Net personal services income loss of a personal services entity that related to your personal services income
There are special rules for the income tax treatment of certain personal services income. Personal services income is income that is mainly a reward for your personal efforts or skills and is generally paid to you or to a personal services entity (being a company, partnership or trust).

Where the payment was made to a personal services entity and that entity incurred a personal services income loss relating to your personal services income, you can claim a deduction for that loss.

For more information about personal services income deductions, see Company, partnership or trust.

Section 40-880 deductions
This section allows you to claim a deduction for certain business-related capital expenditure over five income years or immediately in case of some start-up expenses.
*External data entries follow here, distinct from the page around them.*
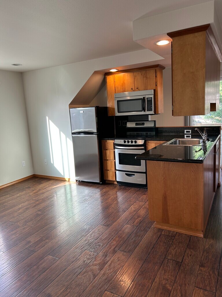 503 sq ft compact apartment in upper part of detached garage. One stall with garage door opener included. Small deck with lake view. Close to Pierce College, Ft Steilacoom Park and JBLM. Would like credit score to be at least 700 or better and income to be 3X the rent. We would consider a small dog or cat. No smoking. Tenant pays power and WiFi. Peaceful area. Gated yard.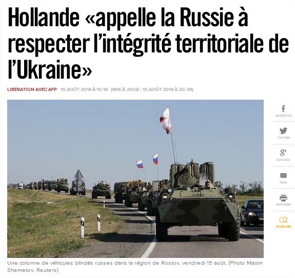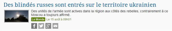 • Tout cela a commencé par deux articles du Guardian (le ) et du Telegraph (le 15 août 2014). Prenons par exemple le début du compte-rendu du Telegraph… (Précisons que Le Monde, notre “journal de références”, a repris la chose sans crier gare et le doigt sur la couture du pantalon, en bon petit soldat méritant du bloc BAO, sans l’ombre d’un conditionnel, le 15 août 2014 : «Des blindés russes sont entrés sur le territoire ukrainien».)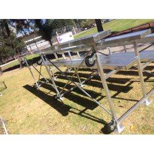 Grada aluminio en soportes, asientos y piso, 4 m x 3 filas de asiento doble piso de aluminio Llanatas para transportarlas Medida altura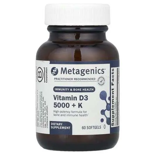 Metagenics, Витамины D3 + K2, Vitamin D3 5000 + K, 60 капсул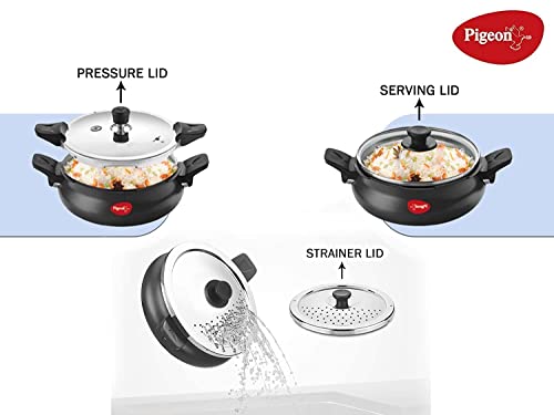 Pigeon By Stovekraft All in One Super Cooker Aluminium with Outer Lid Induction and Gas Stove Compatible 3 Litre Capacity for Healthy Cooking (Black)

Expenditure deductible over five income years

Claim a section 40-880 deduction at this item if:

  • you incurred the relevant capital expense, and
    • the expenditure relates to a business that was proposed at the time the expense was incurred
    • the business commenced by 30 June 2020, and
    • you are carrying on the business through a company or trust, or
  • you incurred the relevant capital expense and the expenditure relates to a business which ceased in a previous income year and you carried on the business through a company or trust.

If you incurred relevant section 40-880 expenses in relation to a business which ceased in a previous income year and you carried on the business as a sole trader or through a partnership, claim the amount at item P8 Business income and expenses on the Business and professional items schedule for individuals 2020. If this applies to you, then you should lodge your tax return using myTax or a registered tax agent.

Certain start-up expenses

From 1 July 2015, section 40-880 of the ITAA 1997 allows a taxpayer who is not in business, or who is a small business entity, to immediately deduct certain start-up expenses relating to the structure or operation of a business that is proposed to be carried on.

Expenditure is fully deductible in the income year in which it is incurred if it:

  • is incurred by you and you are a small business entity or you were not in business during the income year, and
  • relates to a business that is proposed to be carried on, and
  • is either
    • incurred for advice or services relating to the structure or operation of the business, or
    • paid to an Australian government agency in relation to setting up the business or establishing its operating structure.

If you incurred relevant section 40-880 expenses that do not qualify for immediate deduction and you had not commenced the business by 30 June 2020, your deduction for this amount will be deferred until the year in which the business activity commences. The deferred amount may be deducted in the income year in which the activity commences.